The 1-year/ 1 000-hours warranty is testimony to the confidence in the product. This is complemented by Smith Power’s strong support structures. The Baoli brand has enjoyed a strong reach into the market through a 35-dealer strong network offered by Smith Power. The strong partnership between the OEM and the dealer has also been key to the success of the brand. “We have a strong relationship with the OEM. They are working closely with us to grow market share. We get round-the-clock flexibility in shipment of parts,” he says.
Schultz believes that there is a lot of cultural similarities between the KION Group and Smith Power. The two companies, he says, share the same business ethics, passion for product, customer engagement and the desire to grow their respective businesses. The changing face of the market has in fact transformed the way OEMs interact with their dealers. Dealers have ceased to be just selling agents for OEMs; they have become valued business partners, trusted advisors to the OEM in all matters relating to aftermarket service, as well as crucial research and development projects.
Schultz believes that it’s no longer just about parts availability and fulfilling maintenance obligations. Customisation is one of the top trends in today’s equipment business. Customisation means understanding what the end user’s needs are, and being able to modify the product or solution to meet the particular requirements. “Baoli is always willing to work with us around customer specific builds,” he says.
Why South Africa?
South Africa is a key market for Baoli. “It is the gateway into Africa,” says Schultz. “The OEM sees South Africa as a vital part of its export markets, given the support structure that we can give into the neighbouring countries.”
Schultz says South Africa is a key growth market in the materials handling space. “There is big scope for Baoli to continue gaining market share and penetrating into other markets such as warehousing and distribution. We also have our eyes on the island markets of Madagascar and Mauritius, where we see a lot of potential in materials handling,” he adds.

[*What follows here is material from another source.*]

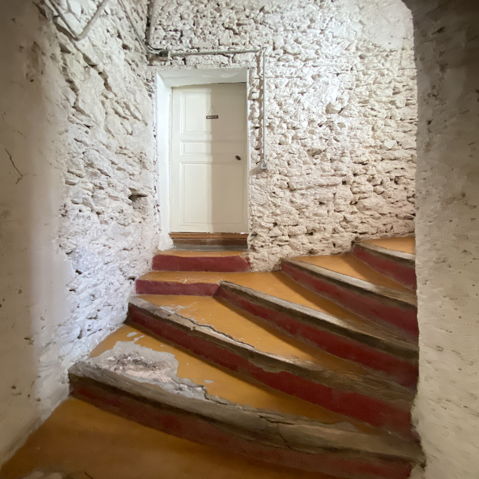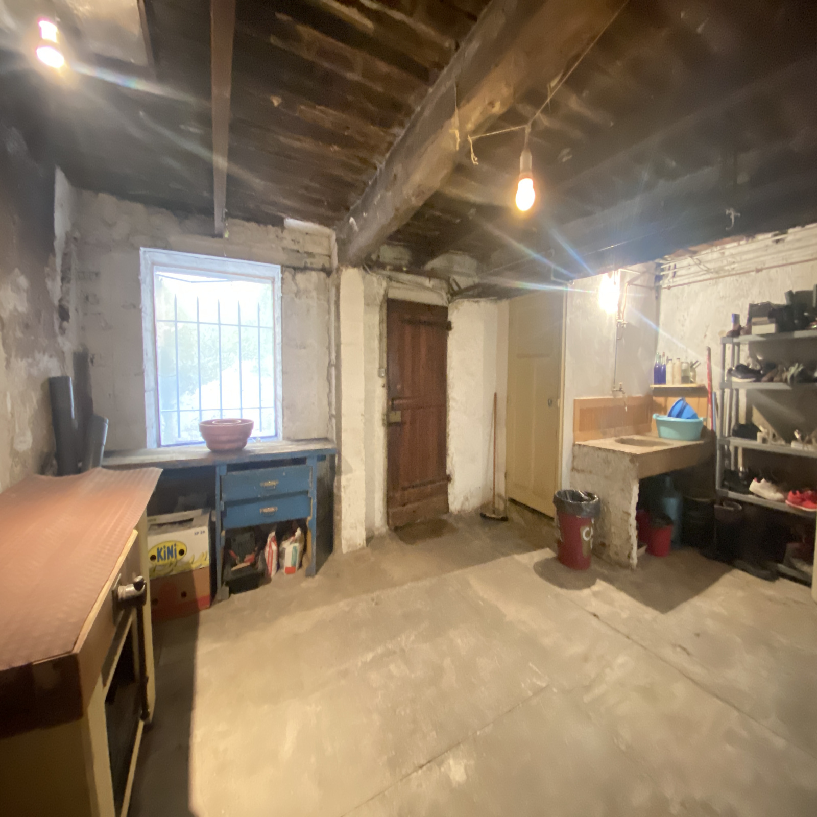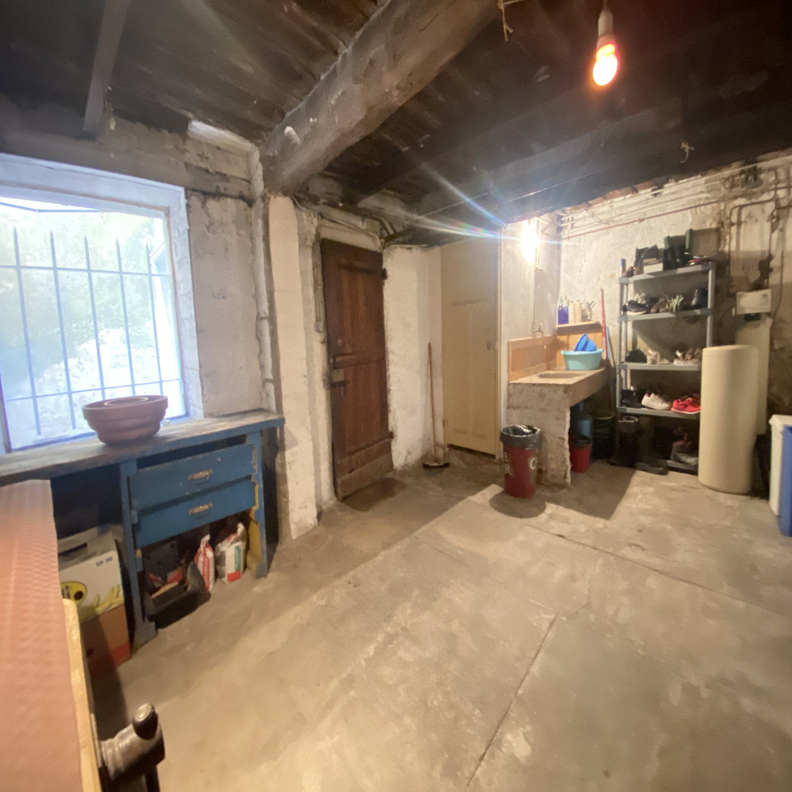 Au rez de chaussée : une entrée, une pièce de plus de 40 m2, un patio, une buanderie/atelier, une chauffaerue, une courette. Accès à une cave voutée en sous sol.

Looking ahead, Schultz is targeting to establish the materials handling division as a major force within the Smith Power stable. “We want to further expand our sub-Saharan Africa footprint more aggressively. We also want to grow our rental fleet to meet customer needs, be it short-term or long-term rental,” he says.
Although there is a big focus on the materials handling market, Schultz says the company is always on the lookout to add more complimentary brands / products to its stable to expand its offering to the market.